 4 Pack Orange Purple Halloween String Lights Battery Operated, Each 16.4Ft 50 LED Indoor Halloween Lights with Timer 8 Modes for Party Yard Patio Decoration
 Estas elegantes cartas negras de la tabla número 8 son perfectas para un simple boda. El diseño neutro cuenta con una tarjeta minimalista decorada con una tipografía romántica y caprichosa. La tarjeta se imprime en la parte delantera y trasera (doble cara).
****************************************
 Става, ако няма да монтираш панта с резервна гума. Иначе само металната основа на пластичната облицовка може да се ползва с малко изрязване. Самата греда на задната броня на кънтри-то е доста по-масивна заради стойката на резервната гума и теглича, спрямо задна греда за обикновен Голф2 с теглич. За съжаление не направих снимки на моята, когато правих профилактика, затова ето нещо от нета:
****************************************
Copy the records above exactly, beginning at the line that contains "4 Pack Orange" and stopping after the line that contains "Estas elegantes cartas".

• Written solution:
 4 Pack Orange Purple Halloween String Lights Battery Operated, Each 16.4Ft 50 LED Indoor Halloween Lights with Timer 8 Modes for Party Yard Patio Decoration
 Estas elegantes cartas negras de la tabla número 8 son perfectas para un simple boda. El diseño neutro cuenta con una tarjeta minimalista decorada con una tipografía romántica y caprichosa. La tarjeta se imprime en la parte delantera y trasera (doble cara).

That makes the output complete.